-- WHAT YOU ARE ASKED TO DO --
Without its pictures, the listing below is to be transcribed exactly.

-- GIVEN ENTRIES --
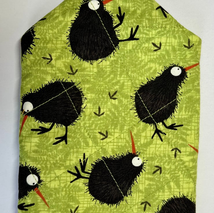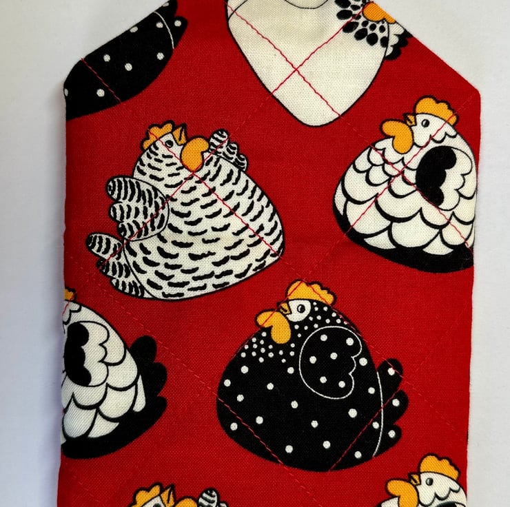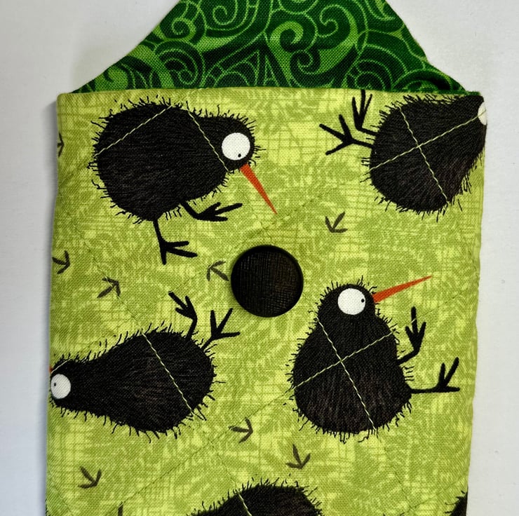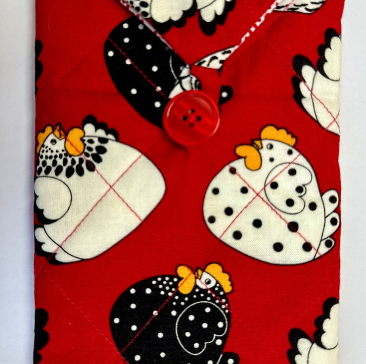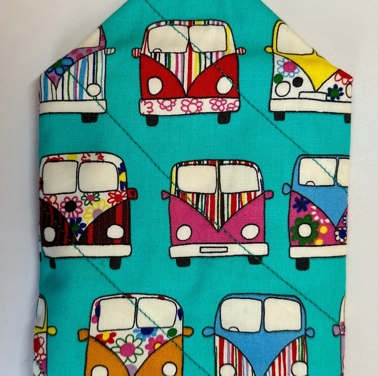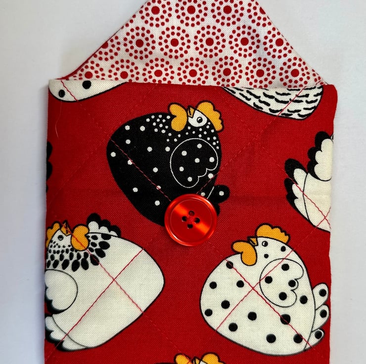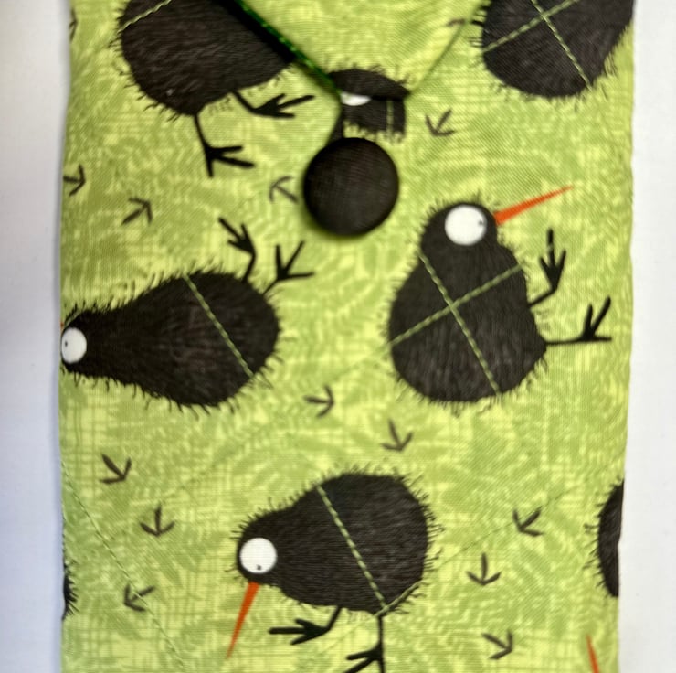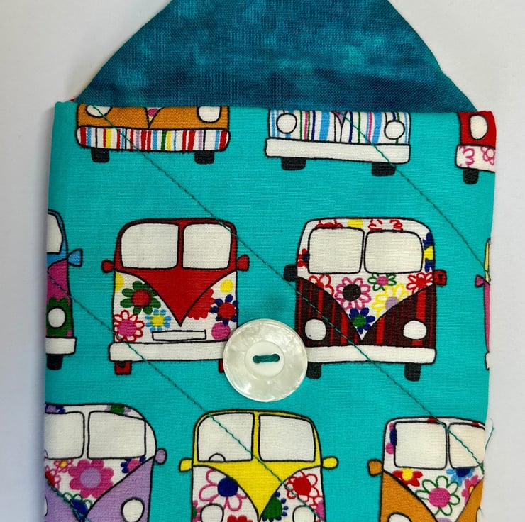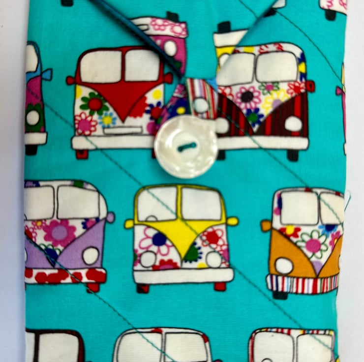 The pouch is padded and quilted for softness and protection, and machine sewn from cotton fabric in a variety of colours and patterns (please see other listings for the full range). It closes with a single loop and button, giving it a simple, secure finish. The fabric is not waterproof, so the pouch is best suited for indoor use or for items that don’t require moisture protection.
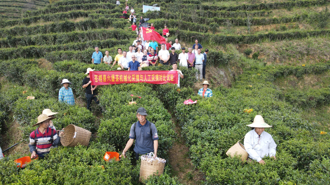 现场会上,分别进行了六堡茶机械化采摘与人工采摘对比试验、茶叶采摘机械演示,并邀请相关的专家到现场进行数据的记录和指导。农技、农机技术人员在活动现场向参加活动的农民宣传茶叶现代种植技术、农机新技术,并进行现场答疑。
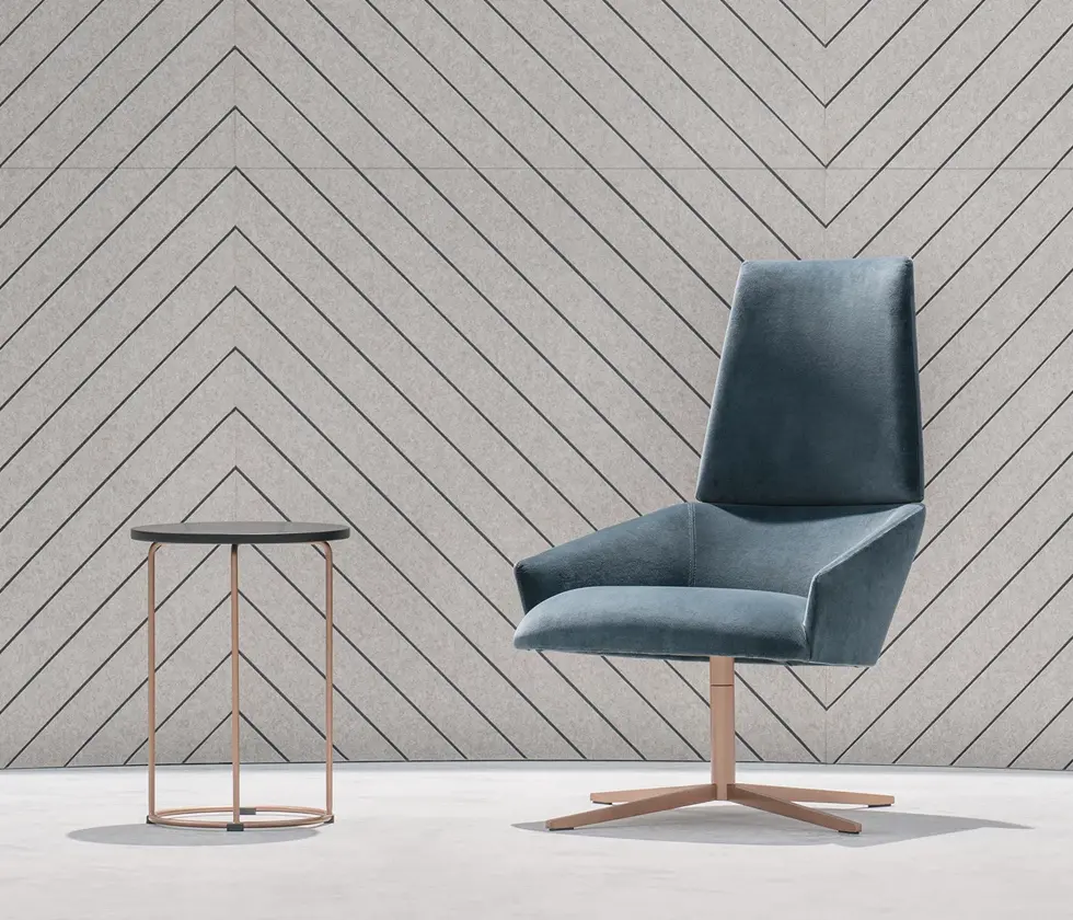 With a design of sophisticated, stylish and sleek lines, Wall Street chair finds its place in cozy, modern spaces where one can comfortably wait, work or simply relax. The upholstered elements and the different bases can be manufactured in all fabrics and finishes from the deberenn swatch samples. The soft yet assertive look of Wall Street coffee tables makes the collection complete.
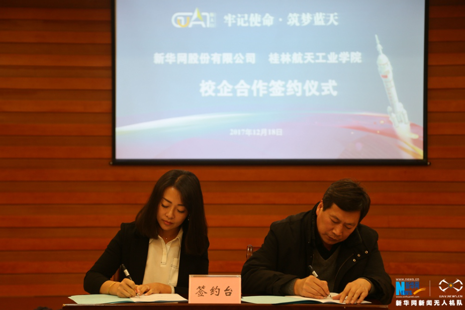 新华网股份有限公司无人机事业部负责人(左)与开云kaiyun登录入口副书记罗延忠签订合作协议。新华网发 杨永昌摄
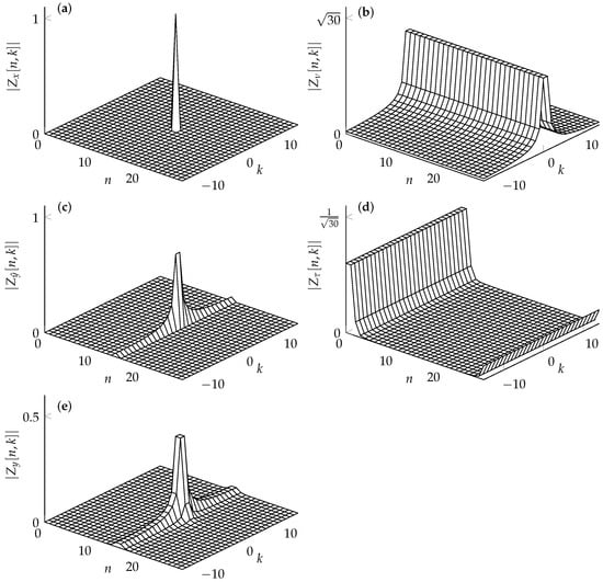It follows from (1) that the DZT for a given n is the unitary discrete Fourier transform (DFT) of a subsampled sequence . The variable n determines the starting phase of the downsampled sequence, whereas the variable k is the discrete frequency of its DFT. Thus, the variables n and k represent the time and frequency, respectively.
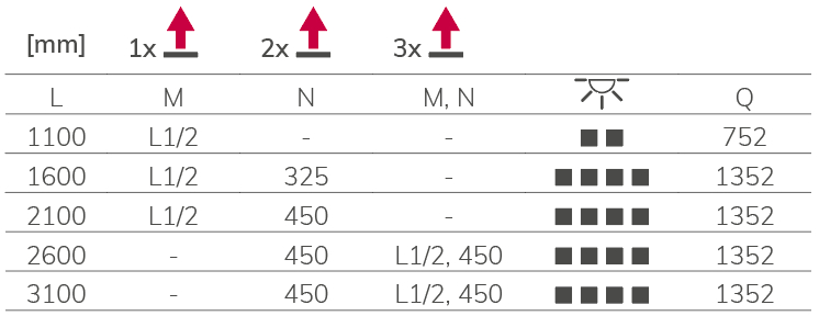 15. [Option] Halton Skyline LED spots integrated on a full length and flush-mounted.
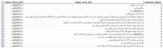 The data in this study were taken from the QurSim [16] dataset based on Tafseer Ibn-e-Kathir [17]. This dataset includes verse pairs from all chapters of the Holy Quran categorized as similar and non-similar. Each pair includes a source verse and target verse, along with a relevance degree rating of (2, 1, 0), where a degree of 2 shows strong similarity, a degree of 1 indicates weak similarity, and a degree of 0 represents no similarity. The original dataset also includes chapter and verse numbers for both the source and target verses. We fetched the actual verse text and created the dataset with verses. The total original QurSim corpus has a collection of 7679 verse pairs.
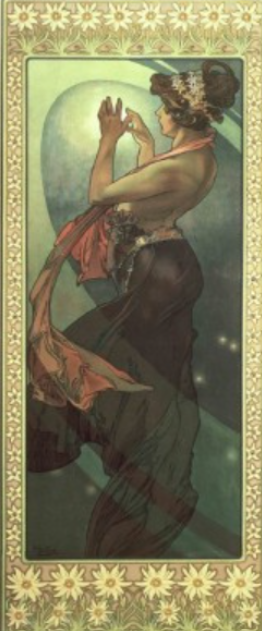 Alfons Mucha je jedním z nejvýznamnějších českých umělců a hlavních představitelů secese. Jeho tvorba je typická dekorativními liniemi, symbolikou a idealizovanými ženskými postavami, které často představují přírodní nebo kosmické jevy.
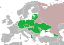 Lustration map of Europe, with green representing some form of lustration; pink no lustration; and grey not a former Warsaw Pact member
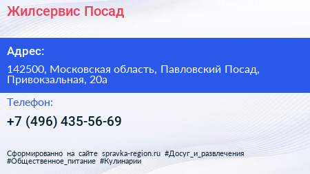 Жилсервис-Посад по адресу 142500, Московская область, Павловский Посад, Привокзальная, 20а в дальнейшем Организация, размещена в следующих категориях:

-- ANSWER SECTION --
 The pouch is padded and quilted for softness and protection, and machine sewn from cotton fabric in a variety of colours and patterns (please see other listings for the full range). It closes with a single loop and button, giving it a simple, secure finish. The fabric is not waterproof, so the pouch is best suited for indoor use or for items that don’t require moisture protection.
 现场会上,分别进行了六堡茶机械化采摘与人工采摘对比试验、茶叶采摘机械演示,并邀请相关的专家到现场进行数据的记录和指导。农技、农机技术人员在活动现场向参加活动的农民宣传茶叶现代种植技术、农机新技术,并进行现场答疑。
 With a design of sophisticated, stylish and sleek lines, Wall Street chair finds its place in cozy, modern spaces where one can comfortably wait, work or simply relax. The upholstered elements and the different bases can be manufactured in all fabrics and finishes from the deberenn swatch samples. The soft yet assertive look of Wall Street coffee tables makes the collection complete.
 新华网股份有限公司无人机事业部负责人(左)与开云kaiyun登录入口副书记罗延忠签订合作协议。新华网发 杨永昌摄
It follows from (1) that the DZT for a given n is the unitary discrete Fourier transform (DFT) of a subsampled sequence . The variable n determines the starting phase of the downsampled sequence, whereas the variable k is the discrete frequency of its DFT. Thus, the variables n and k represent the time and frequency, respectively.
 15. [Option] Halton Skyline LED spots integrated on a full length and flush-mounted.
 The data in this study were taken from the QurSim [16] dataset based on Tafseer Ibn-e-Kathir [17]. This dataset includes verse pairs from all chapters of the Holy Quran categorized as similar and non-similar. Each pair includes a source verse and target verse, along with a relevance degree rating of (2, 1, 0), where a degree of 2 shows strong similarity, a degree of 1 indicates weak similarity, and a degree of 0 represents no similarity. The original dataset also includes chapter and verse numbers for both the source and target verses. We fetched the actual verse text and created the dataset with verses. The total original QurSim corpus has a collection of 7679 verse pairs.
 Alfons Mucha je jedním z nejvýznamnějších českých umělců a hlavních představitelů secese. Jeho tvorba je typická dekorativními liniemi, symbolikou a idealizovanými ženskými postavami, které často představují přírodní nebo kosmické jevy.
 Lustration map of Europe, with green representing some form of lustration; pink no lustration; and grey not a former Warsaw Pact member
 Жилсервис-Посад по адресу 142500, Московская область, Павловский Посад, Привокзальная, 20а в дальнейшем Организация, размещена в следующих категориях:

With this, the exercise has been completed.